One thing I've been looking at is the Pyrologist, a class that Len Lakofka claimed in his fanzine was Gygaxian but turns out to have been his own work. I think the balance might be slightly off from the default magic-user, but there are two things that really draw me to this class. One, it comes from an old school APA-zine, and by one of the authors who contributed a lot to the AD&D era. Two, the elemental connection is thematically something I'm very interested in. The classical elements were more Greek but fit in well as a way that Torean magic could be something other than "stock D&D magic." I think it's more of a good jumping off point for a set of old school elementalists, though, each having its own replacement for the stock D&D m-u spell list, and also with its own unique not-quite-a-spell power (fire and air are light and wind, water is going to be purifying water, and earth is doing...something...).

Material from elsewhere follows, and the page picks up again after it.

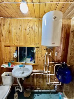 Коммуникации: электричество (однофазное, 5 кВт/220В, тариф: день/ночь); вода: колодец (3 кольца) заведена в дом; канализация: переливной септик из ж/б колец, отопление печное. Установлен бойлер для подогрева воды. Подключен интернет.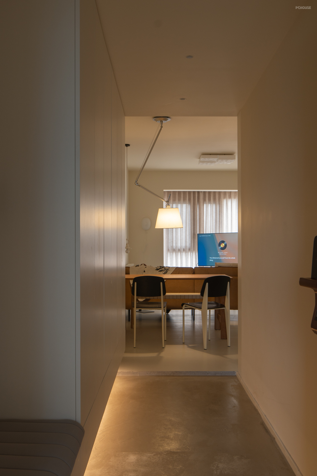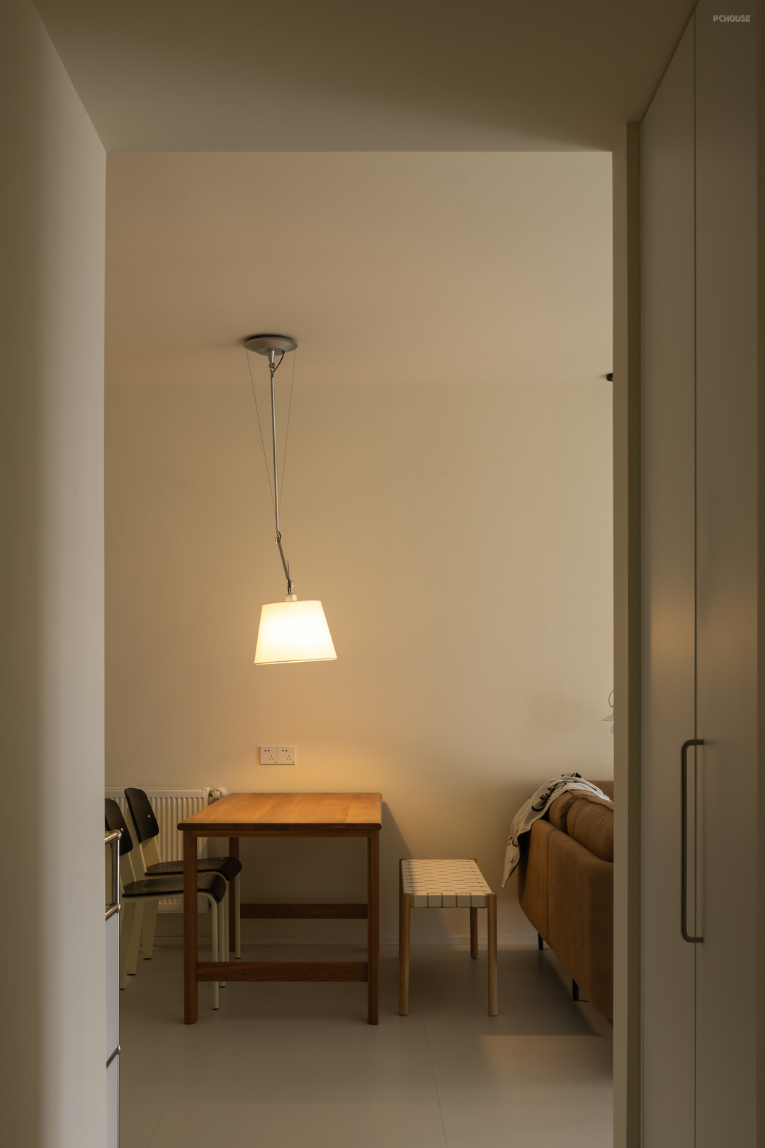 从走廊和玄关都可以看到餐厅这盏悬臂灯。在这个家里,灯光是共享的、穿透的。

Rounding out humans is Maradani, who are a great category to have witches, although this might wind up being an NPC only type using the classic "witch" NPC class, unless somebody can offer me a witch class that really would work well as a PC type. (The one I'm thinking of is from Best of the Dragon #1 and not quite so good for my purposes.) Witchcraft and curses are the direction to go here in general.

All of which leaves me with two classic D&D elements: the magic-user and the elf. I am seriously tempted to just shove the two archetypes together and say that a standard, no-frills magic-user is also a standard, no-frills elf, toss out level limits and the whole dual class / multi class / race as class concept for them. Elves will be either fighters or magic-users, single class. It's not a perfect match but there are things that can make it work. I'm thinking that the reason elves have the "default" magic is not so much that it takes certain races to do it, but that the physical process of learning magic takes so long that no other race lives long enough.

As usual I'm more than open to ideas, opinions, denunciations, and so forth.

Tuesday, August 10, 2010

Starting toward a setting

So I decided that I'm working on a setting after all, because the ideas I've been kicking around have finally gelled. Here's the historic precis of what I'm doing:

Two hundred years ago, the plains of Anobrega were sparsely populated by the Calthi, a human group of cattle herders not dissimilar from the Celts of Europe. They had no written language but a long tradition of myth, and a similar tradition of cattle-raids. South of Anobrega was the fortress town of Miradius, the furthest outpost of the Torean Empire. But then the Empire fell, and tens of thousands of refugees fled the violence northward. After some struggle, the southern part of Anobrega was settled by the Toreans, who call the area Ambrecus. They do not have kings; the nobility are ruled by a man called the Praefectus, although in fact only loosely, and in theory would be loyal to the Emperor in Torea if there were one. The Toreans look down on the Calthi, who they call the Galtheani in their own language. Toreans are dark, with olive skin and curly hair, and the men dress in solid colors; women wear flowing dresses with patterns. Calthi are fair, with light hair and eyes, and the men wear ostentatious checkered patterns. The Toreans particularly find their customary trousers to be "barbaric." Another human group, the nomadic Maradani, followed the Toreans north; they are outcasts and wanderers, but provide vital trade links between the Toreans and Calthi, and the lands beyond Anobrega. They wear colorful, loose clothing.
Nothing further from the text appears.